If you are using locals it means each thread will always end up calling the 
actual populate code? Is there any point for the RegexURLResolver class to 
be a singleton then?


El jueves, 14 de julio de 2016, 9:12:54 (UTC-3), Marten Kenbeek escribió:
>
> It's not quite as simple. Concurrency is actually not the main issue here. 
> The issue is that self._populate() only populates the app_dict, 
> namespace_dict 
> and reverse_dict for the currently active language. By short-circuiting 
> if the resolver is populating, you have the chance to short-circuit while 
> the populating thread has a different active language.
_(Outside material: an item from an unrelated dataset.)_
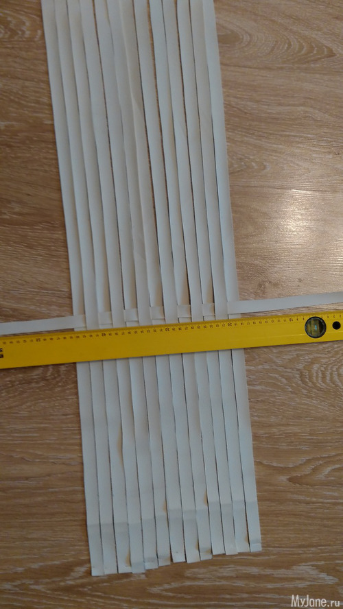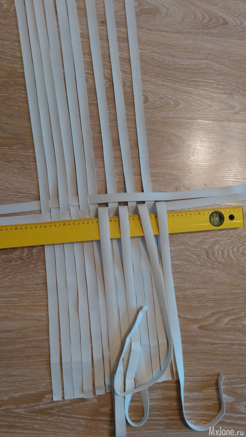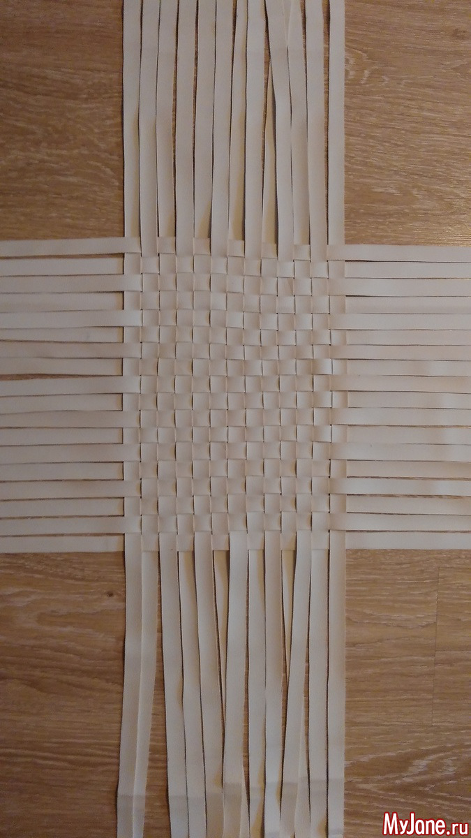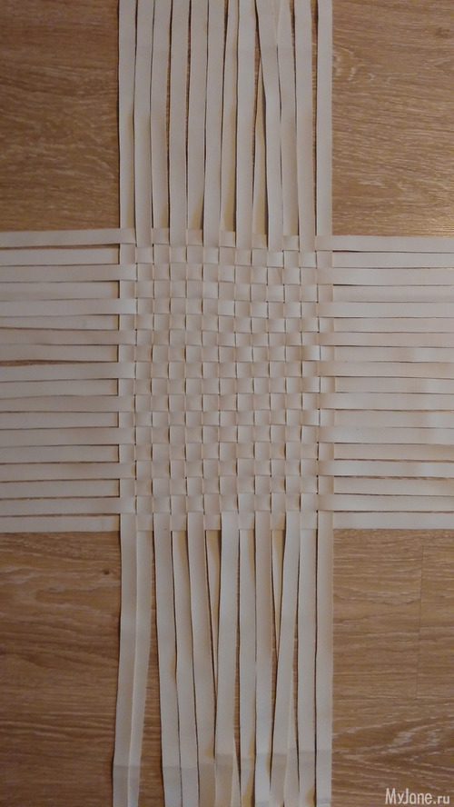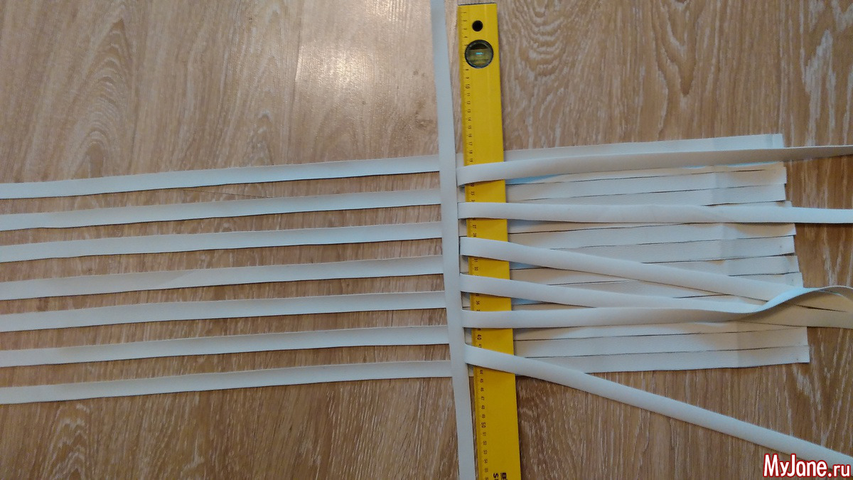 Берем нарезанные ленты и переплетаем их в шахматном порядке:

The short-circuiting 
> thread's language won't have been populated, and that will result in the 
> above KeyError.
>
> The issue that self._populating is solving is that a RegexURLResolver can 
> recursively include itself if a namespace is used. Namespaces are loaded 
> lazily on first access, so this would generally not result in infinite 
> recursion. But, to include all namespaced views in self._callback_strs, 
> you need to load them immediately. self._populating prevents infinite 
> recursion in that specific case.
>
> On a side note: recursively including the same resolver is possible under 
> some limited circumstances, but so far I've only seen it happen in the 
> Django test suite, and it doesn't even work if you don't include at least 
> one namespace between each recursive include. It's an edge-case scenario 
> that can be solved better by using a repeating pattern in your regex. I 
> don't think that it provides any value, but it does significantly 
> complicate the code. Removing this accidental "feature" would solve the 
> issue as well, without complicating the code any further. 
>
> Now, to solve the issue within the constraints of the current test suite, 
> you only need to prevent that self._populate() is called twice on the 
> same object within the same thread. A simple thread-local object should do 
> the trick:
>
> class RegexURLResolver(LocaleRegexProvider):
>     def __init__(self, regex, urlconf_name, default_kwargs=None, 
> app_name=None, namespace=None):
>         
>         ...
>
>         self._local = threading.local()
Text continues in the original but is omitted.